Гусь покрутился-покрутился у берега, да и припустил на манок. Вся ватага, открыв рты, провожала гагача взглядами. У самых дальних камышей гусак залопотал возмущенно, и, натужно выбравшись на песок, поволок что-то за собой.
— Ах, ты ж! Гляди-ка! Щука!.. Мальчишки на том берегу, улыбаясь во все зубы, помахали рыбиной, мол, есть прибыток!
— Эй, робяты! — покричал Птах. — Гостя хватай и ногой в петлю. А зубастую – в тень! Да крапивкой укройте!..
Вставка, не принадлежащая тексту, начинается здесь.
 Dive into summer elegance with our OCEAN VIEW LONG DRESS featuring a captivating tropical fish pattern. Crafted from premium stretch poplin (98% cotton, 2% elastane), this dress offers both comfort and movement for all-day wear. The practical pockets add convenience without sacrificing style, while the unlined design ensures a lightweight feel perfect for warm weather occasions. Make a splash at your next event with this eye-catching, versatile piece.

Пустили второго гуся. И тот пустым не пришел. Щуку выволок в четверть пуда, не меньше. А после пошла потеха: маночники не справлялись рыбу снимать. Гагачей отправляли по-двое, по-трое. Щука шла, как на подбор: одного веса, погулялая, с золотистым отливом. Случалось, и сходила, и блесны обрывала, но брала неизменно хорошо. Пустил своего "рыбака" и Федюня. Забрел по пояс с воду, поплевал на крючки и отправил, став следить напряженно из-под сложенных домиком ладошек, чтобы солнце слепило меньше. "Вот, — думалось, — вот сейчас дернет!" Забьет крылом гагач, заругается. Но не тронула рыба ни ближе к середине, ни под камышом, ни у самого берега. Выбрался гагач на сушу, отряхнулся и заковылял, прихрамывая, цепляя блесной за траву.
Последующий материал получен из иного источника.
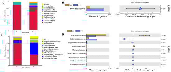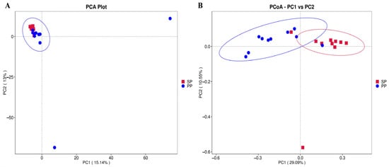A principal component analysis (PCA) and principal coordinate analysis (PCoA) were utilized to visually assess the microbiota similarities and differences between the SP and PP groups. As shown in Figure 2A, the first principal component (x-axis) explains 15.14% of the variation, while the second principal component (y-axis) accounts for 13.04%. Although some differences in bacterial composition between the PP and SP groups are observed, their microbiota exhibit a substantial degree of similarity. PCoA further refines this by providing a clearer representation of the bacterial composition distribution. In Figure 2B, the first principal coordinate (x-axis) accounts for 29.09% of the variation, with the second coordinate (y-axis) explaining 10.55%. These results align with the PCA results, reinforcing the similarity in bacterial composition between the two groups and confirming the close relationship of their microbiota.
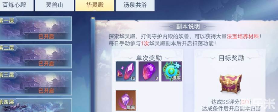 华灵殿为单人副本,在规定的时间内击败多波怪物,根据战斗时长进行评分来获得奖励的玩法,是玩家获得法宝升级材料的主要来源

Слезы навернулись у Федюни, обида к горлу подступила. "Ну, — думает, — ладно! И ему отыщется щука!"
— Теперь, — Птах говорит, — ховайтесь кто куды! Станем птицу обратно перепускать тем же макаром! Сам по берегу прошел, из кармана манок достал и давай гусыней крякать.
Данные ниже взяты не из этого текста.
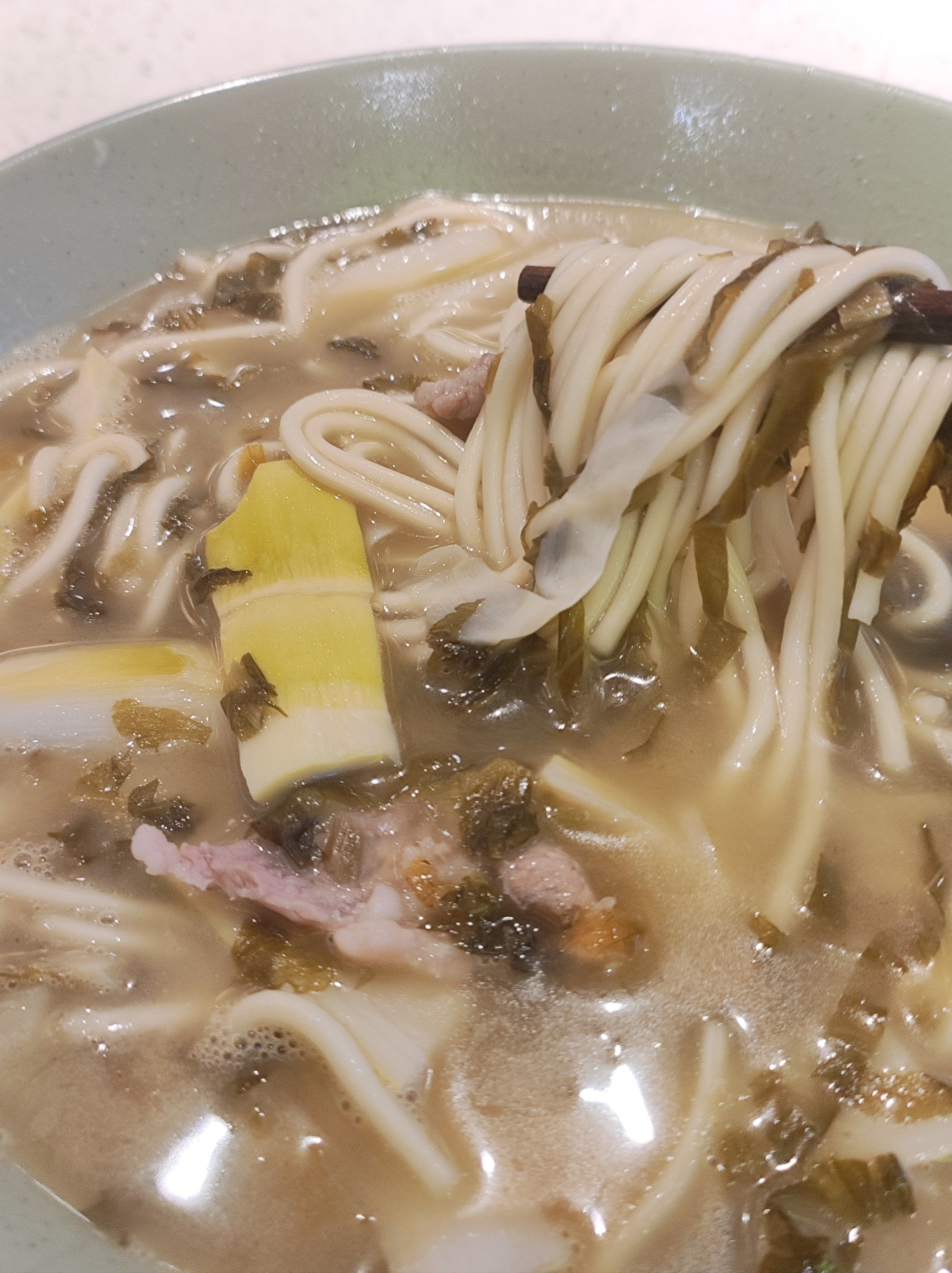 雪菜脆、筍片嫩、肉絲鮮,配手工堿水面,湯頭用豬骨雞架熬制,鮮而不濁。

Потянулись гагачи назад. Да снова не пустые! Федюня, он маленький, но шустрый. Птицу ловит и держит, а ребята постарше зубастую отцепляют. Вот и Федюнин гагач плывет. Приметное у него пятно на шее, не спутаешь. Бросился к нему Федюня, да только зря: пустым вернулся гагач, ни щуки, ни блесны. Только оборванная леса следом волочится. Тут уже не выдержал Федюня, нюни распустил.
— И-эх! — подошел дед Птах, погладил по голове. — Горе горькое! Не реви, — говорит. — Когда опять птицу перепускать станем, твоего гуся первого пустим! Самая большая щука твоя!
Слезы Федюнины мигом высохли. Если что обещает Птах, значит так и будет! Вот, случается, обидят Федюню старшие, задразнят, играть не берут. Идет он по улице – носом шмыгает. Птах увидит, улыбнется в бороду. "Погоди-ка!", скажет. "Сейчас они к тебе сами прибегут, да первыми мириться станут". И хоть ходули Федюне смастерит, хоть дудочку, что на разные лады тренькает. А хоть согнет жестяную полоску винтом, нацепит на нехитрый пусковик, который веревочкой обмотает, да как дернет!.. Взлетает такая полоска выше деревьев, жужжит словно шмель, в синеве теряется. Взрослые рты открывают – диву даются, не то, что ребятня.
— Ну-тка, неси сюда гагача своего, — велит Птах Федюне. — Проверим-ка мы одну заводинку с тобой.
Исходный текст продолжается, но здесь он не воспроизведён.